Toprak Bayramı ve Toprak Haftası sebebiyle Lüleburgazlı aktivist, çevre gönüllüsü Hakan Dedeoğlu bir basın açıklamasını kamuoyu ile paylaştı. Dedeoğlu açıklamasında şunları kaydetti;
"Toprağın ne olduğunu bilmeyen yöneticilerin ona sahip çıkması mümkün müdür?
"Toprak nedir" diye sorduğunuzda genellikle tatmin edici cevap alamazsınız. Anlamını bayrak, vatan ya da benzer söylemlerle açıkladıklarını gördükçe şaşırmamak mümkün değil. Toprak, canlıdır ve insanın bağımlı olduğu varlıkların başında gelir. Çocuklarımıza sahip çıkmalı, onların toprak ve suyu çok iyi şekilde öğrenmelerine imkân vermeliyiz.
"Yaşamın kaynağı olan toprağın önemini vurgulamak ve kamuoyunda farkındalık yaratmak amacıyla, 1945 yılında yayınlanan 4760 sayılı Toprak Bayramı Kanunu'na göre her yıl 11 Haziran'ı takip eden ilk Pazar günü "Toprak Bayramı" olarak kutlanmaktadır. Toprak hava ve su canlılarının yaşaması için vazgeçilmez bir unsurdur. Ve bu kaynaklar sınırsız değildir. Gelecek nesillerimize işlenebilir toprağımızı bırakmak hepimizin görevidir. Bu topraklar atalarımızdan bize miras değil gelecek nesillere ulaştırılması gereken bir emanettir.
Toprak binlerce hatta milyonlarca yılda oluşmakta ve insan ömrü ile kıyaslandığında muazzam bir süreci işaret etmektedir.
Doğal yollarla uygun şartlarda 1 cm toprağın oluşması için yüzlerce yıl geçmesi gerekir. İşlenebilir ve verimli bir toprağın oluşması için ise en az 4000 yıla ihtiyaç vardır. Çölleşmiş, çoraklaşmış erozyona uğramış, değişik yollarla kirletilmiş, aşırı ve dikkatsiz kullanım nedeniyle yorulmuş, verimliliği düşmüş bir toprağın geri kazanılması çok zordur. Bu nedenle topraklarımıza sahip çıkıp korumak hepimizin görevi olmalıdır.
Ecdadımızın yadigârı olan bu toprakları, ekip biçerek ekonomimize katkı sağlamalı, toprak kaybının önlenmesi için çalışmalıyız. Atalarımızın dediği gibi "bakarsan bağ olur bakmazsan dağ olur". Ama biz bakmazsan çöl olur diyoruz.

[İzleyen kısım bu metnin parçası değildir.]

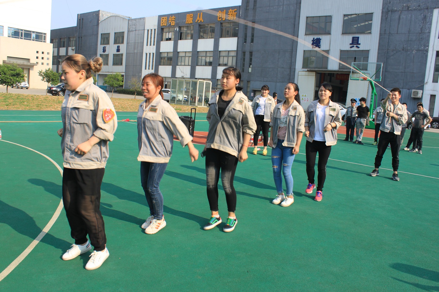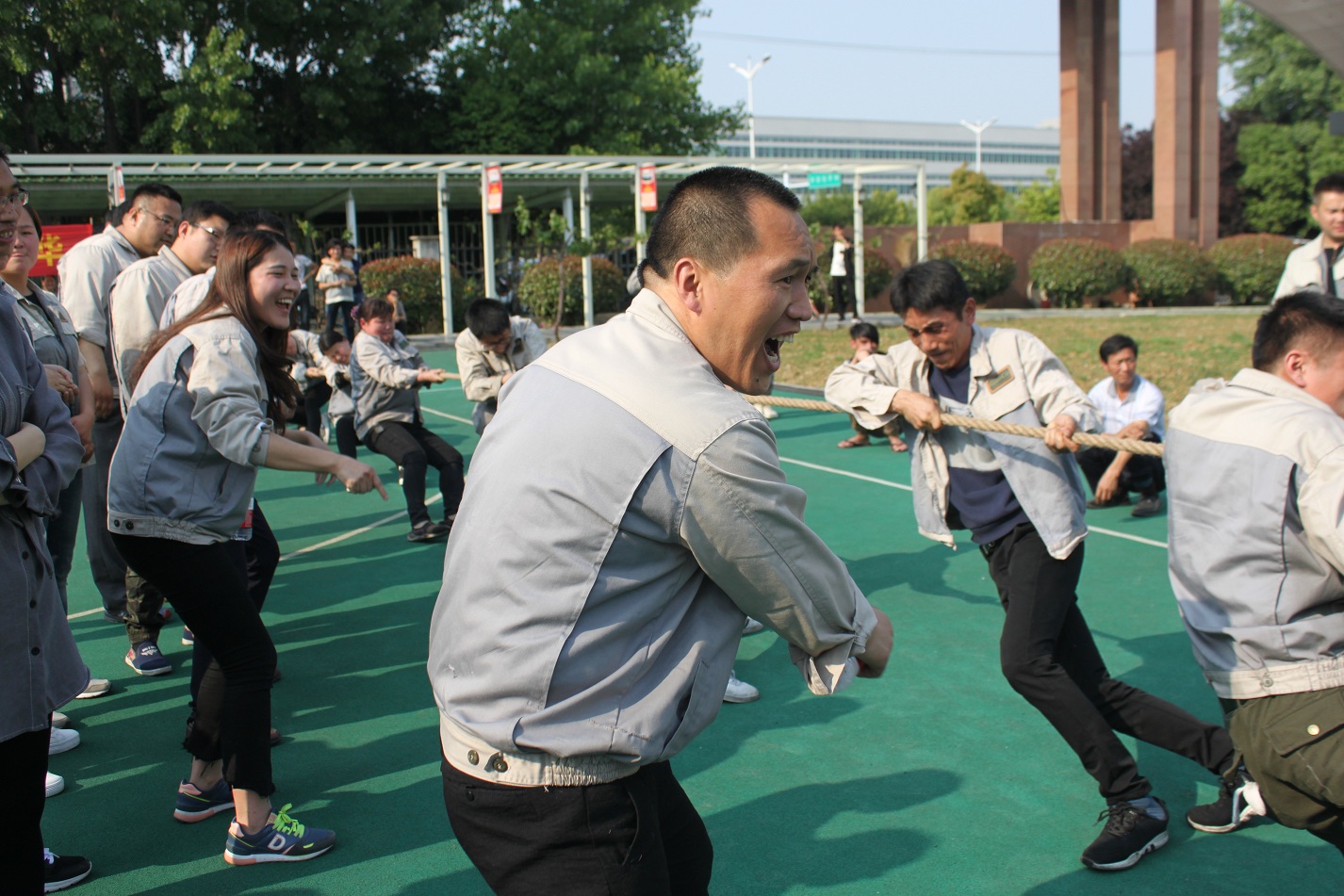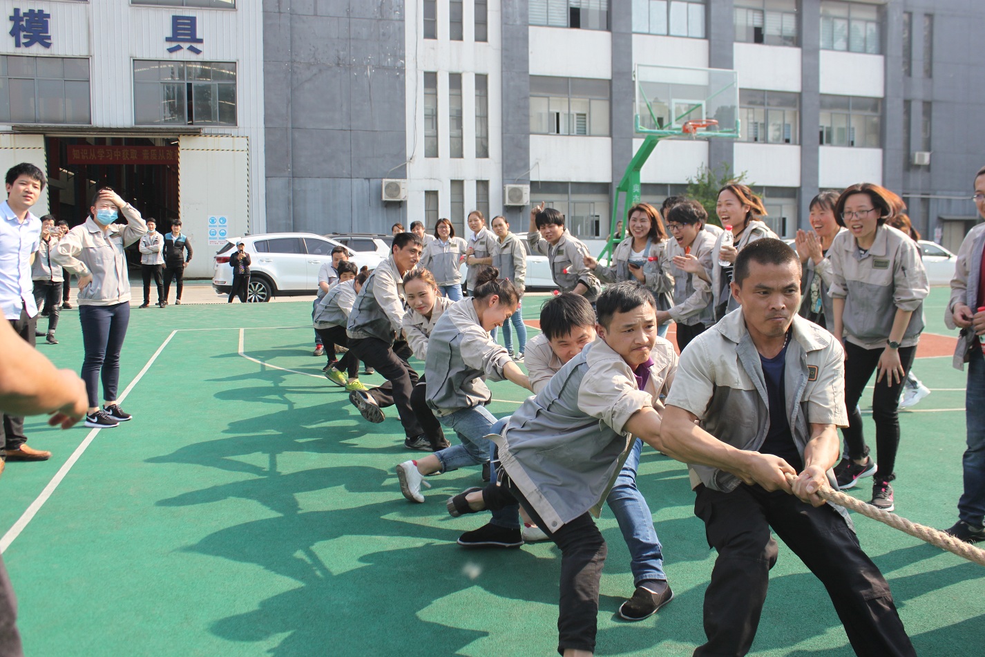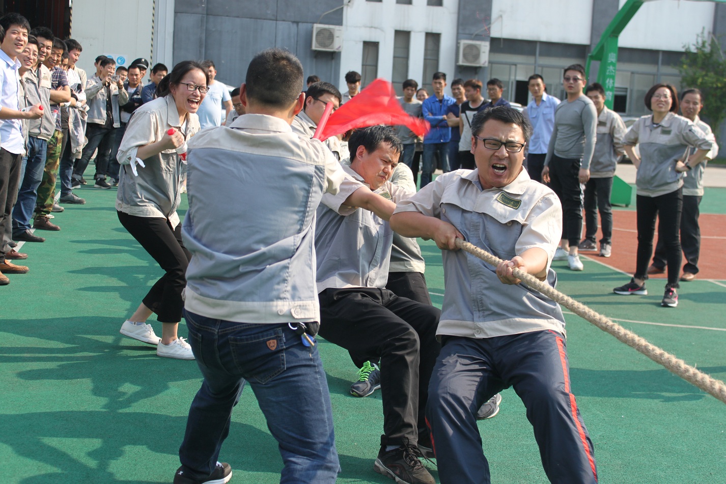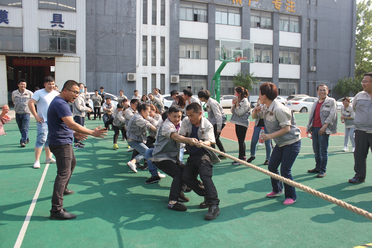 首先進行的活動是拔河,參與活動的共有七支隊伍,分別是:鈑金事業部一戰隊、鈑金事業部二戰隊、彩晶事業部戰隊、模具事業部戰隊、鈑金加工部戰隊、惠爾科戰隊、職能部門戰隊,每個戰隊分別由5男5女組成,共10人。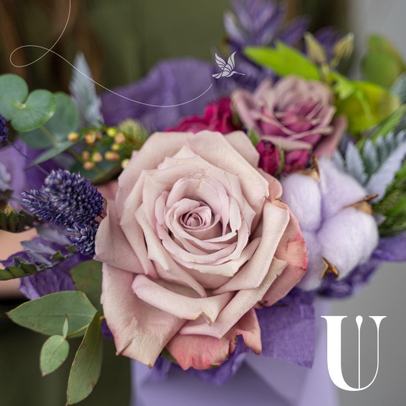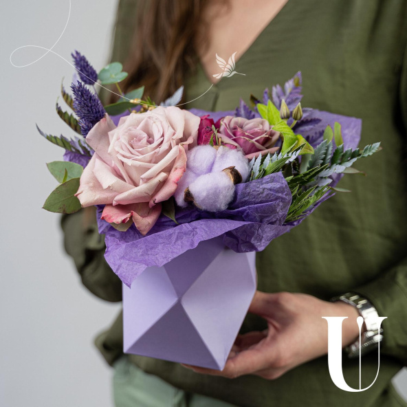 Коробочка с ромашковой хризантемой и лавандовой гипсофилой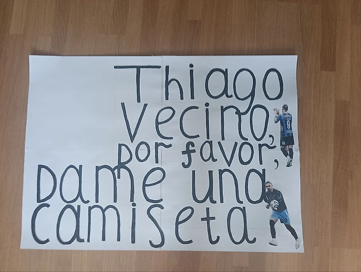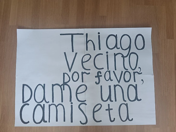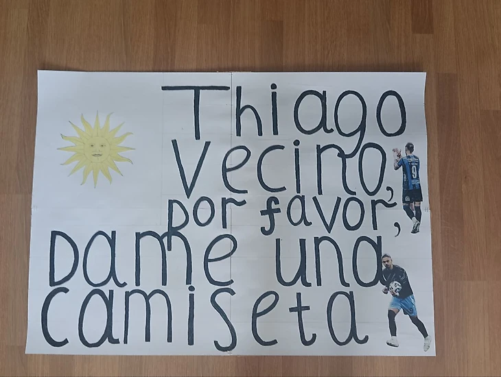 Затем наметил уругвайский флаг и написал на испанском фразу «Thiago Vecino, por favor, Dame una camiseta» (Тьяго Весино, пожалуйста, подари футболку). Кажется что все это делается очень быстро, но на буквы у меня ушло три черных маркера и два часа времени.
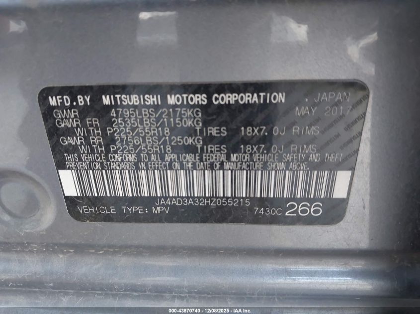 2017 MITSUBISHI OUTLANDER - JA4AD3A32HZ055215, цвет - Серый, 2.4, Бензин, Передний привод из США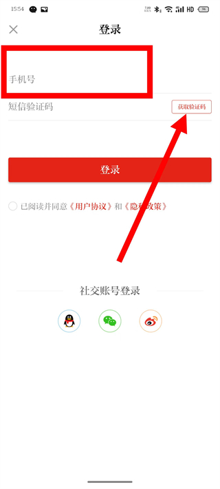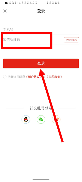3、進入登錄頁面,輸入手機號,點擊獲取驗證碼。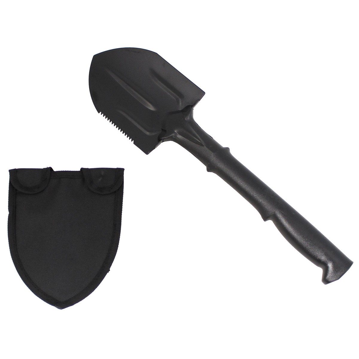 Pala rigida/zappa di dimensioni ridotte. Impugnatura in plastica, custodia in nylon che può essere fissata alla cintura.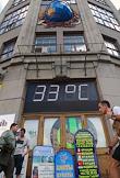 Жанровая фотография. Жара в городе. Термометр на здании Центрального телеграфа показывает температуру воздуха 33 градуса по Цельсию.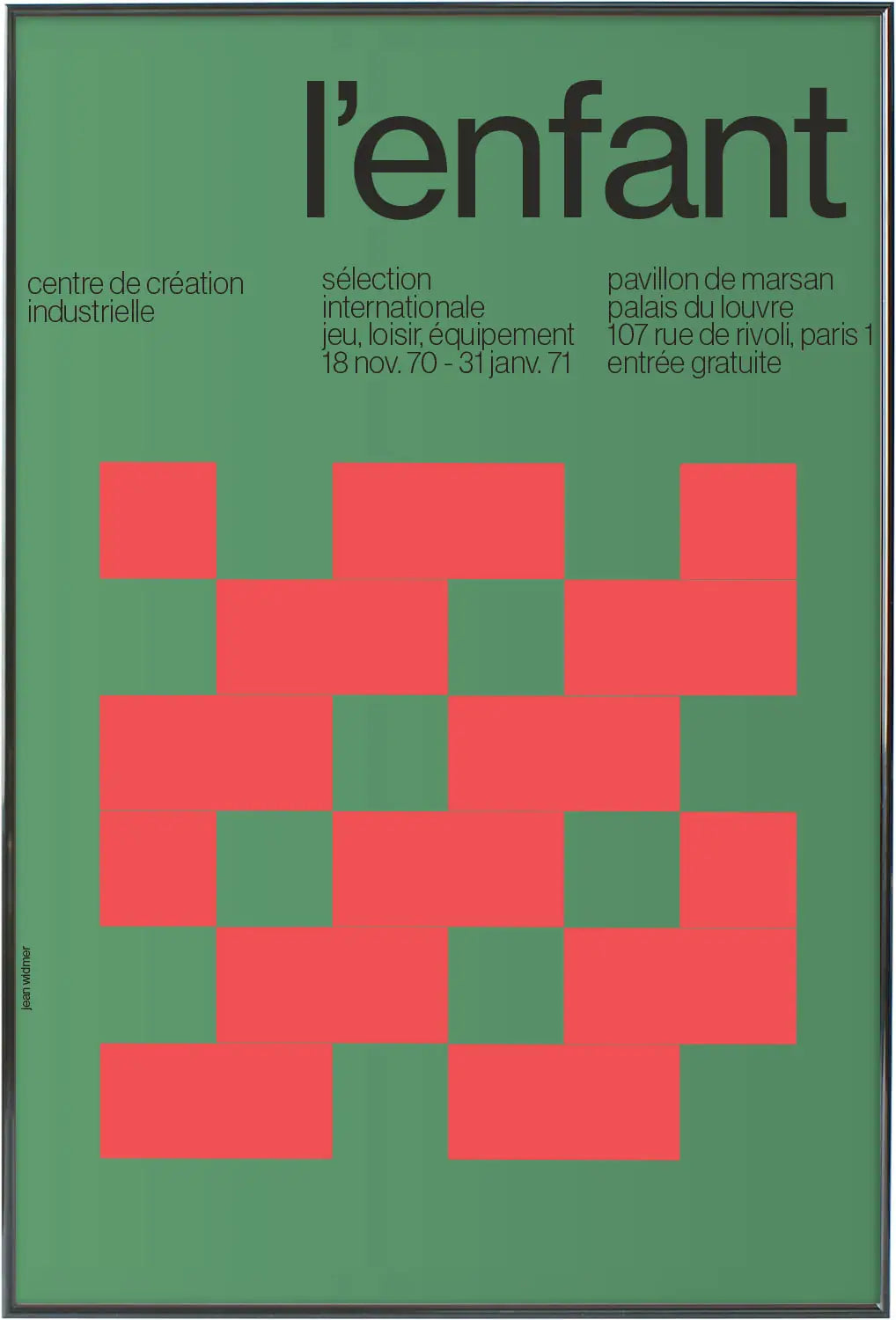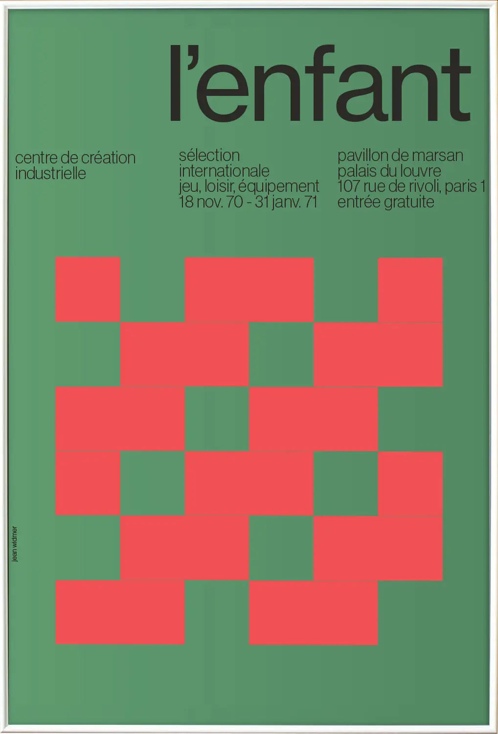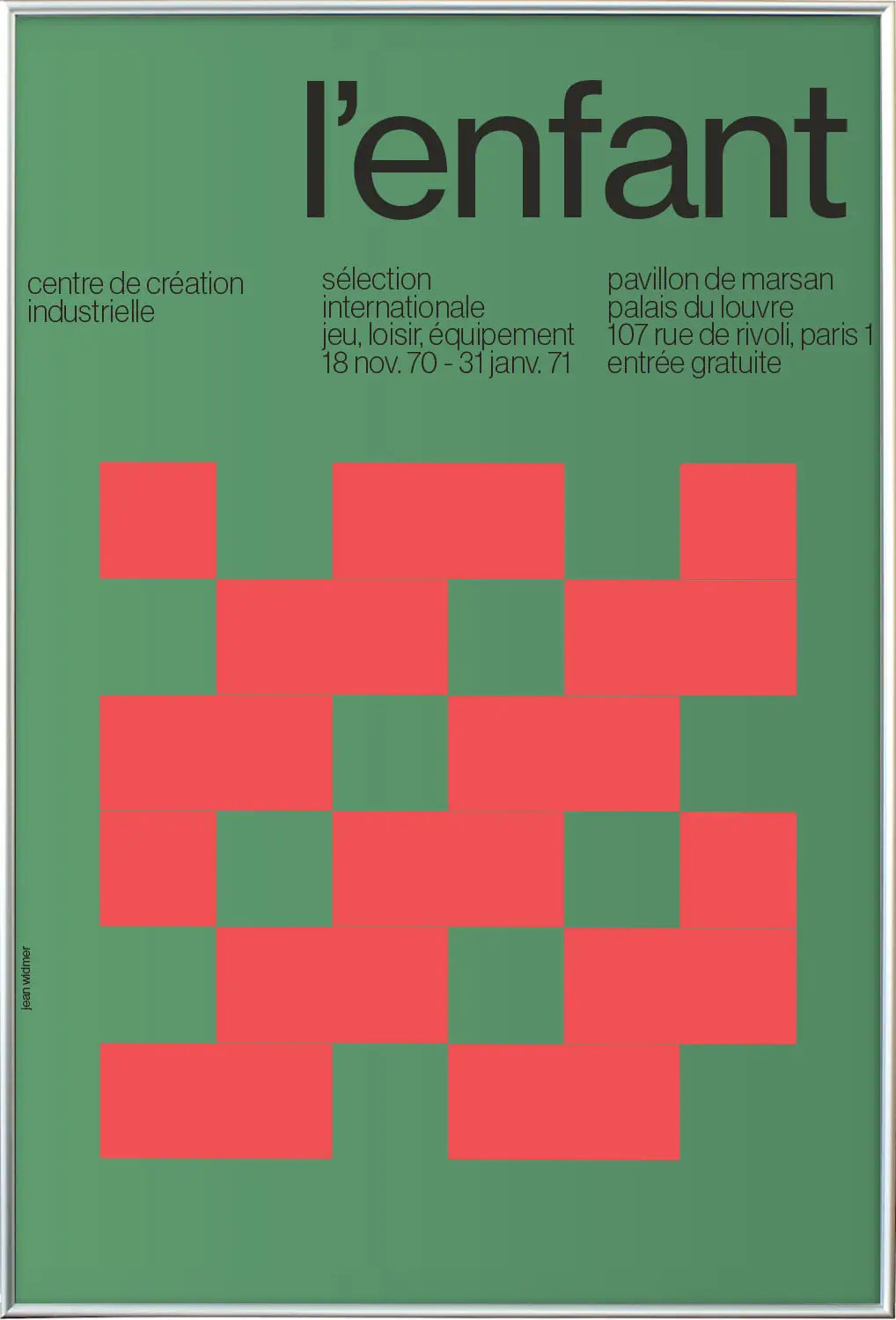 1970年の秋から冬にかけてフランス、パリに位置するジョルジュ・ポンピドゥー国立芸術文化センターにて、世界各国のデザイナーによって手掛けられた、幼児用レジャーフェア«l'enfant Sélection internationale»が開催されました。当時の広告をそのままポスターにして額装しています。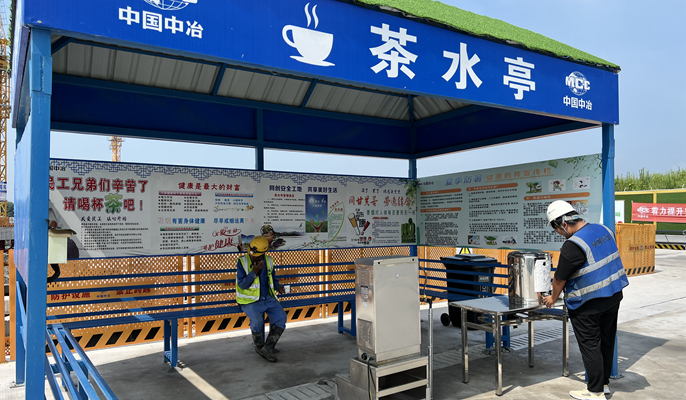 目前工程处于土方开挖阶段,为确保各项节点有序推进,项目部积极落实两级公司防暑降温工作部署,实行“做两头、歇中间”的施工办法,合理安排高温时段作息时间。现场设置茶水亭、热水炉,每日安排专人负责供应茶水及绿豆汤等防暑降温饮品,保障工人在工作间隙得到充分的休息。坚持安全、生产两手抓,加强夏季极端天气条件下安全生产工作,做实项目部相关安全管理办法和各项防暑降温措施的实施,提高了全员夏季安全生产意识,维护了现场劳动人员身体健康,确保安全生产形势稳定发展,为项目部努力达成零事故的安全管理目标和掀起工程大干热潮提供保障。

Artan dünya nüfusunun başta yerleşim, sanayi ve sosyal alana olan talebi tarım alanlarının daralmasına neden olduğunu, buna paralel olarak ortaya çıkan beslenme ihtiyacının artmasının tarım alanlarının iyi kullanılması, üretimin planlanması, tarım alanlarının ıslahı ve korunması gerekmektedir.
Bu nedenle yerleşim yerlerini, sanayi alanlarını ve diğer yatırımlarımızı mümkün olduğunca tarım arazilerinden uzak alanlarda yapmalıyız. İnsanların tükettikleri tarımsal ürünlerin (gıda, giyecek vb.) arz güvenliğinin sağlanabilmesi için doğal kaynakların korunması gerekmektedir.
Bunun için de tarımsal kaynakların korunması, iyileştirmesi ve devamlılığının sağlanması, doğal kaynakların korunmasına yönelik uygun teknolojilerin üretilerek kullanılması gerekir."